• **EXERCISE AIM**
Pictures aside, reproduce exactly each line from the one holding "This bingo card" through the last line of the material, both ends included.

• **SOURCE MATERIAL**
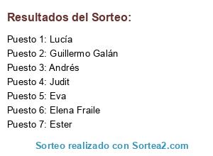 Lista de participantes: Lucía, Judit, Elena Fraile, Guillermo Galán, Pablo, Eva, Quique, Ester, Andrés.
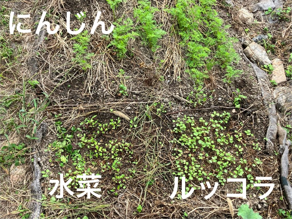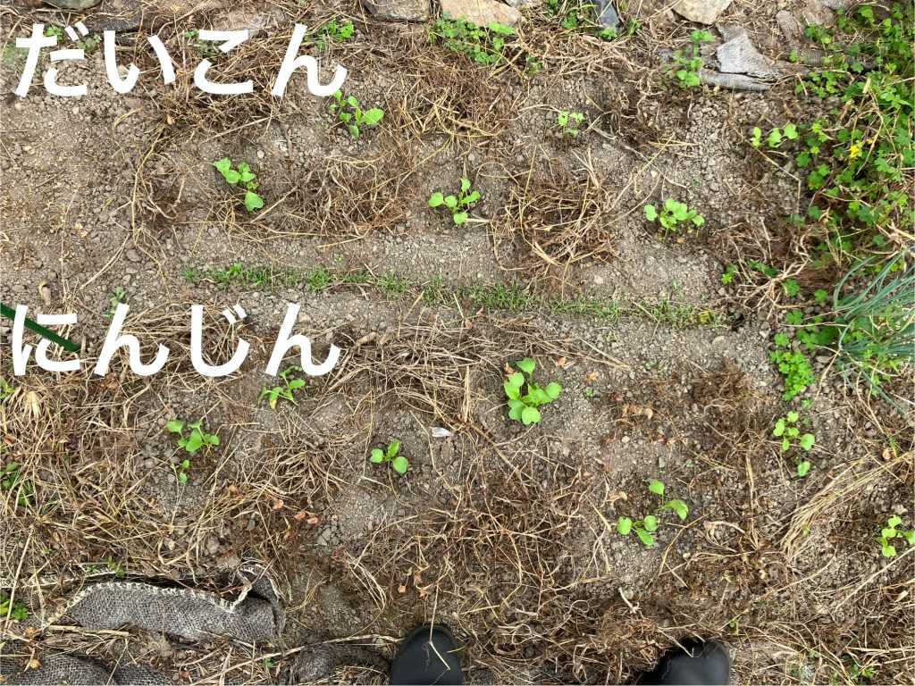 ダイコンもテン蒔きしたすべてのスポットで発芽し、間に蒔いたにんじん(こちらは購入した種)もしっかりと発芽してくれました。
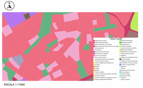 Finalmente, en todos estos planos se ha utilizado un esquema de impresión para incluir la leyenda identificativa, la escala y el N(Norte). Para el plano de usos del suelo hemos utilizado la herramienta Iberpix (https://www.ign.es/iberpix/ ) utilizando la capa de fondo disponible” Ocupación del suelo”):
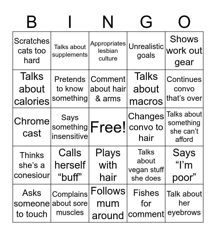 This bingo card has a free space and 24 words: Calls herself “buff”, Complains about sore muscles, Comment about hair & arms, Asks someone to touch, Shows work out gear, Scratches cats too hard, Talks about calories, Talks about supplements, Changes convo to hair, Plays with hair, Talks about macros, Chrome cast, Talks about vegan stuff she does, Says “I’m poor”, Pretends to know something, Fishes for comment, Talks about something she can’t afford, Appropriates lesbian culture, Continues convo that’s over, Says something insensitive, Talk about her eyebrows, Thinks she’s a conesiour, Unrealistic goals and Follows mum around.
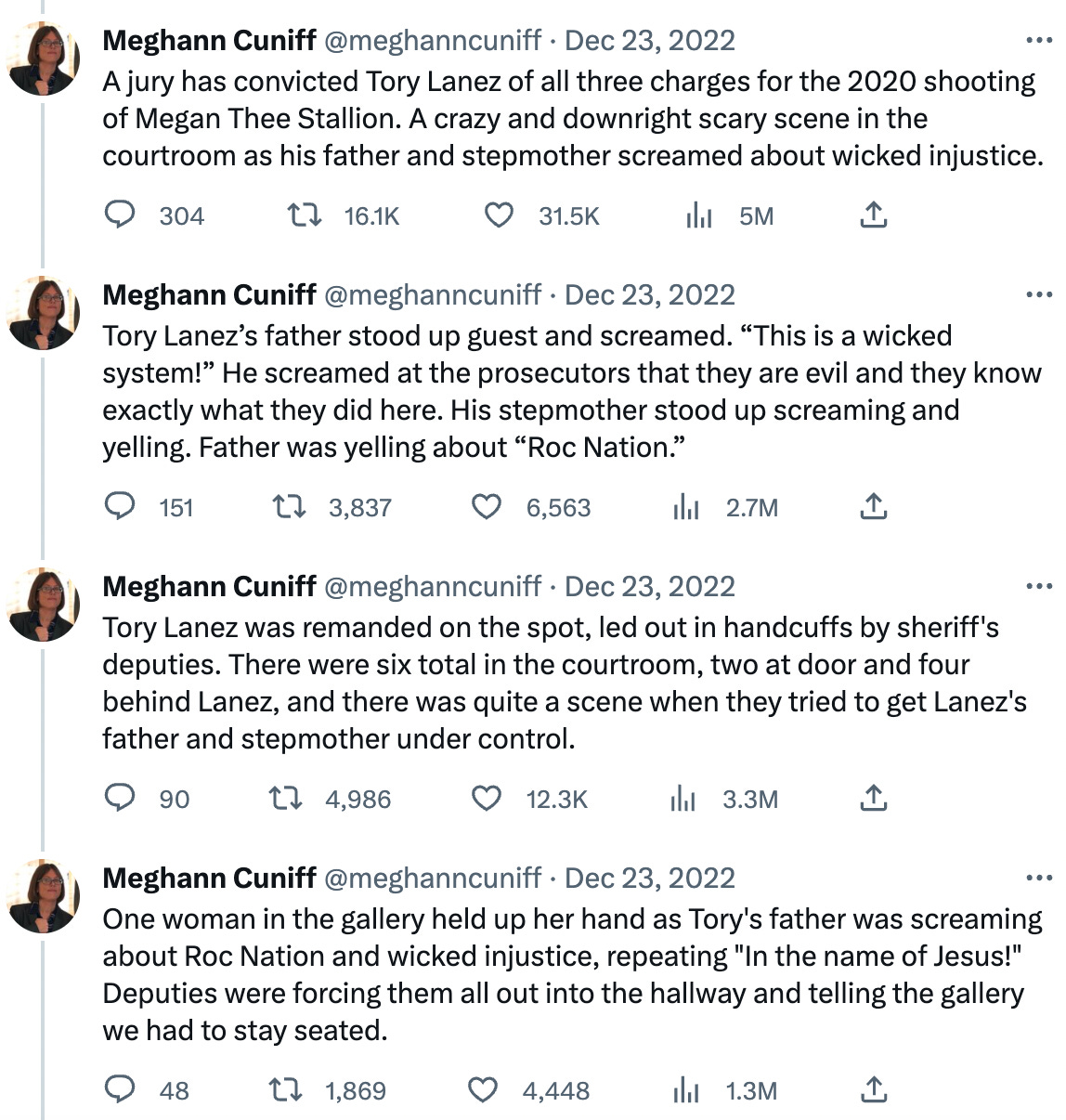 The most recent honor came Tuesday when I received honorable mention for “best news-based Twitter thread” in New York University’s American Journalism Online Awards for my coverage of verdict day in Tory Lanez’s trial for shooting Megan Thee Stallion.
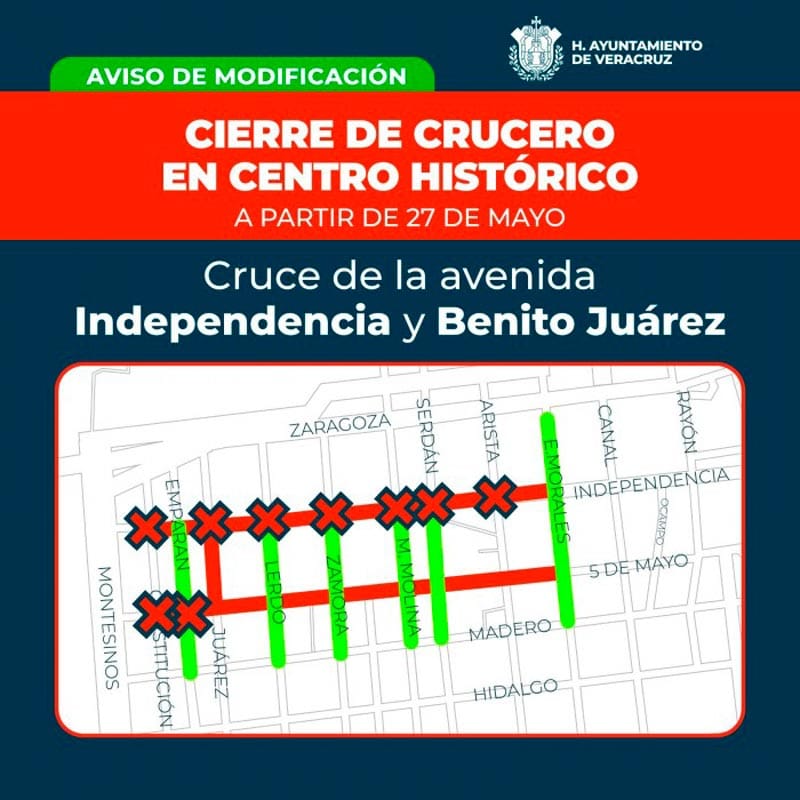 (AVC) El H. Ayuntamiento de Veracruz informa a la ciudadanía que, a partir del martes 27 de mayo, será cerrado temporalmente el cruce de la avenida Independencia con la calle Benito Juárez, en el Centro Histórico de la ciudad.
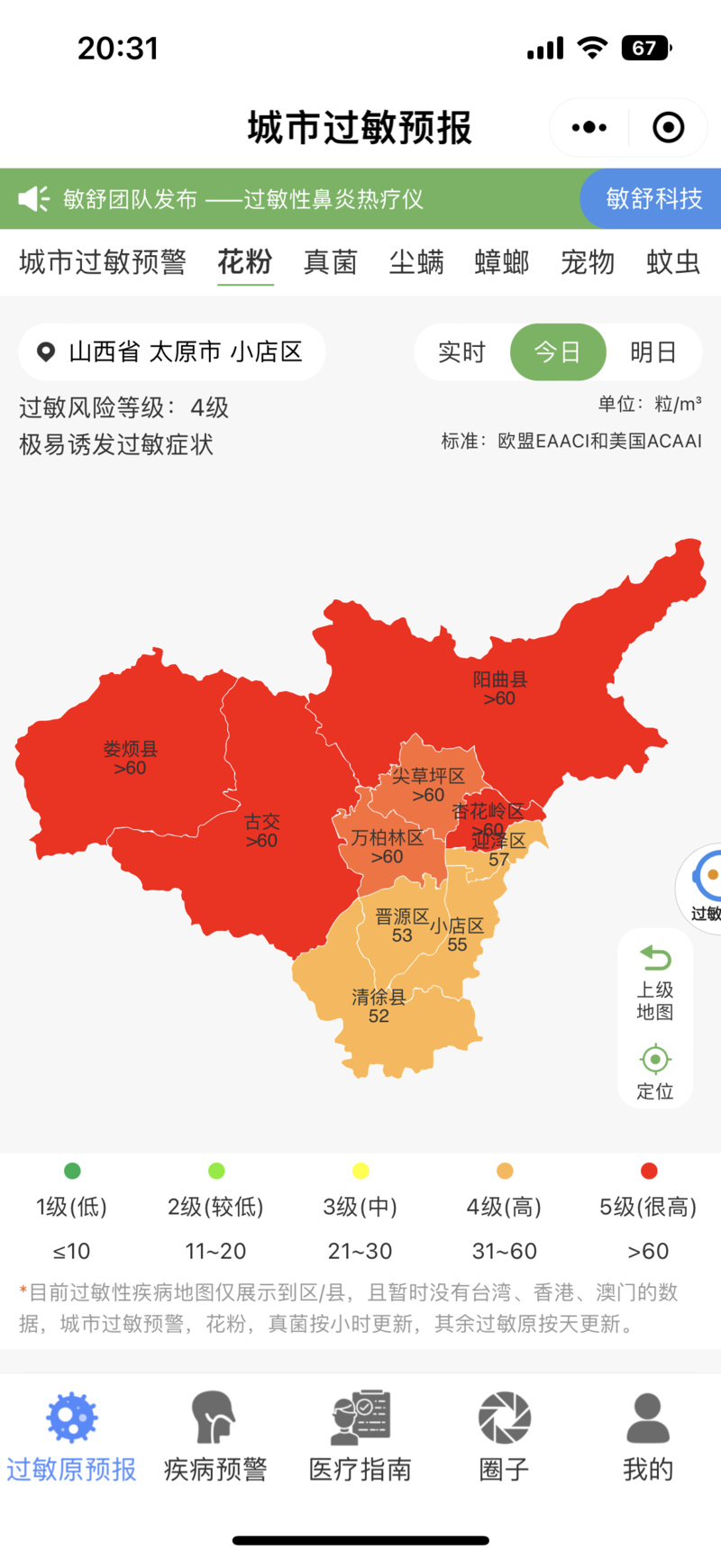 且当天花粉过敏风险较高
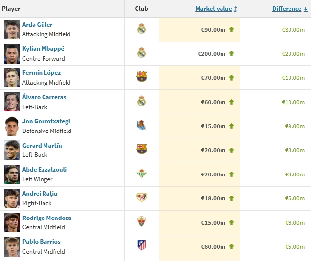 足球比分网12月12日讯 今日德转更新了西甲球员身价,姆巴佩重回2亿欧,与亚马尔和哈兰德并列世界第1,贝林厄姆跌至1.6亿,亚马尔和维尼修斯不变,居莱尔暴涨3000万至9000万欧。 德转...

• **EXERCISE RESULT**
 This bingo card has a free space and 24 words: Calls herself “buff”, Complains about sore muscles, Comment about hair & arms, Asks someone to touch, Shows work out gear, Scratches cats too hard, Talks about calories, Talks about supplements, Changes convo to hair, Plays with hair, Talks about macros, Chrome cast, Talks about vegan stuff she does, Says “I’m poor”, Pretends to know something, Fishes for comment, Talks about something she can’t afford, Appropriates lesbian culture, Continues convo that’s over, Says something insensitive, Talk about her eyebrows, Thinks she’s a conesiour, Unrealistic goals and Follows mum around.
 The most recent honor came Tuesday when I received honorable mention for “best news-based Twitter thread” in New York University’s American Journalism Online Awards for my coverage of verdict day in Tory Lanez’s trial for shooting Megan Thee Stallion.
 (AVC) El H. Ayuntamiento de Veracruz informa a la ciudadanía que, a partir del martes 27 de mayo, será cerrado temporalmente el cruce de la avenida Independencia con la calle Benito Juárez, en el Centro Histórico de la ciudad.
 且当天花粉过敏风险较高
 足球比分网12月12日讯 今日德转更新了西甲球员身价,姆巴佩重回2亿欧,与亚马尔和哈兰德并列世界第1,贝林厄姆跌至1.6亿,亚马尔和维尼修斯不变,居莱尔暴涨3000万至9000万欧。 德转...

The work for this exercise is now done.